**Exercise brief**
No pictures, please. Copy exactly the lines from the one with "園木 千慧実さんの総格は49画の2点!" through the final line below.

--- START ---

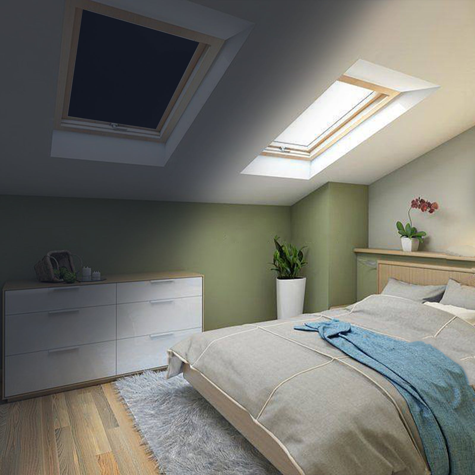 - Verdunkelung: Blockiert 90–100 % des Lichts für maximale Privatsphäre und Dunkelheit.
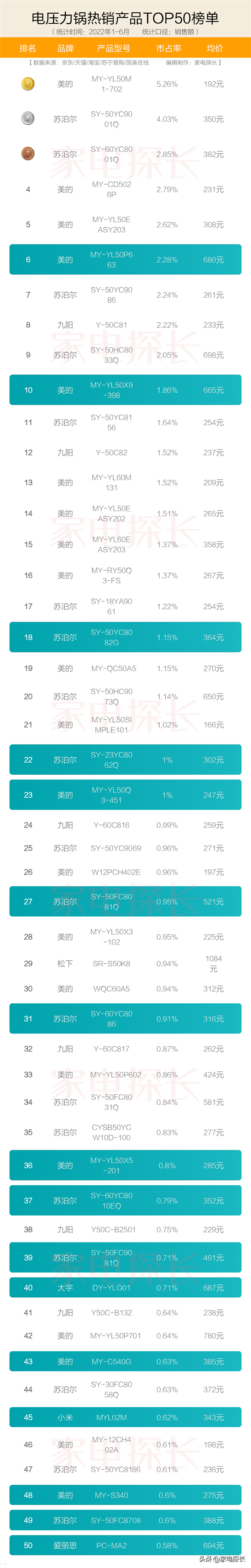 2022上半年,电压力锅TOP50热销机型,也基本被“美苏九”瓜分:美的上榜21个、苏泊尔19个、九阳6个,其它品牌合计只有4个入围。
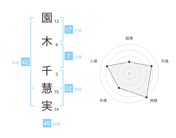 園木 千慧実さんの総格は49画の2点!
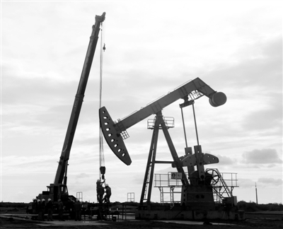 西北油田采油一厂积极开展提质增效活动。6月9日,该厂利用新设备给不压井更换光杆,每口井节约费用1万元左右。图为该厂采油管理二区采油工正在落日的余晖下作业。
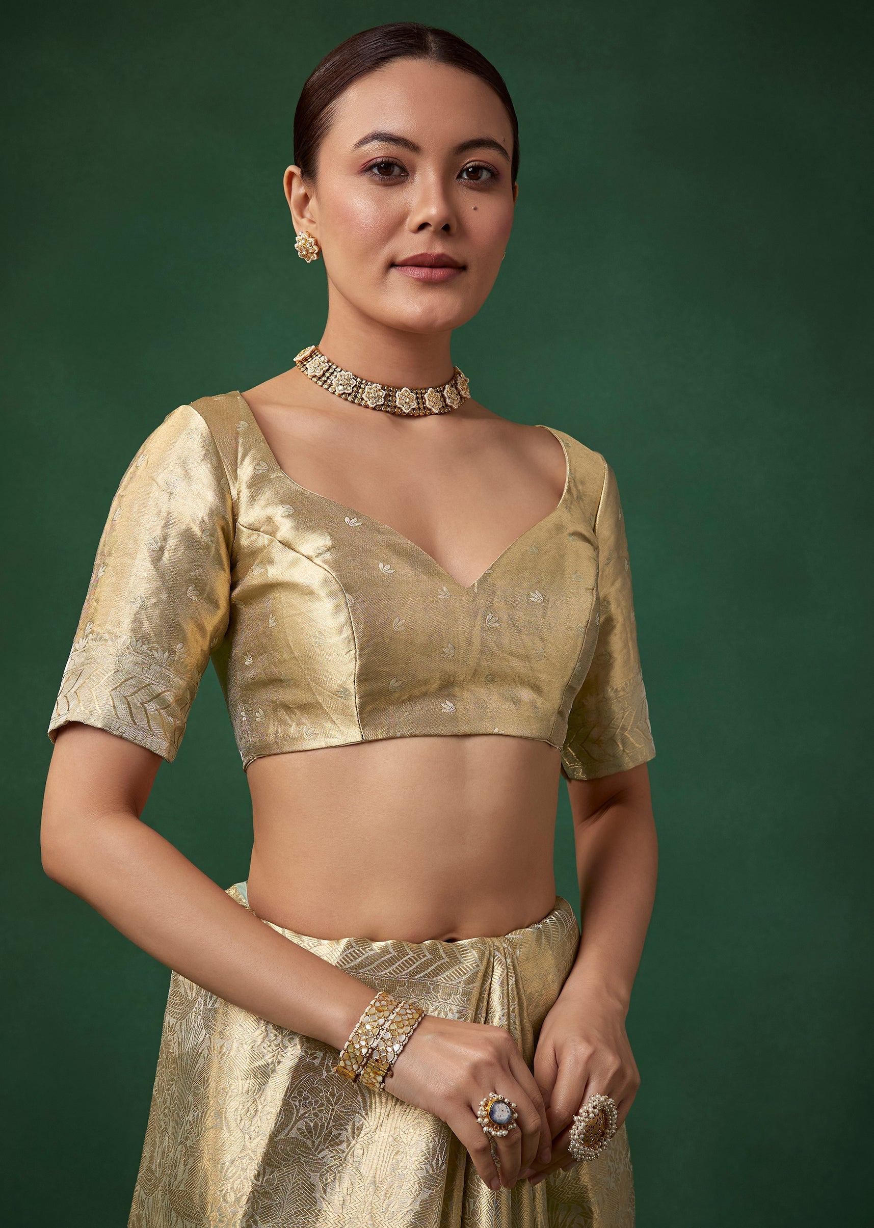 Gold Tissue Silk Woven and Embroidered Saree with Unstitched Blouse

--- END ---

**Your response**
 園木 千慧実さんの総格は49画の2点!
 西北油田采油一厂积极开展提质增效活动。6月9日,该厂利用新设备给不压井更换光杆,每口井节约费用1万元左右。图为该厂采油管理二区采油工正在落日的余晖下作业。
 Gold Tissue Silk Woven and Embroidered Saree with Unstitched Blouse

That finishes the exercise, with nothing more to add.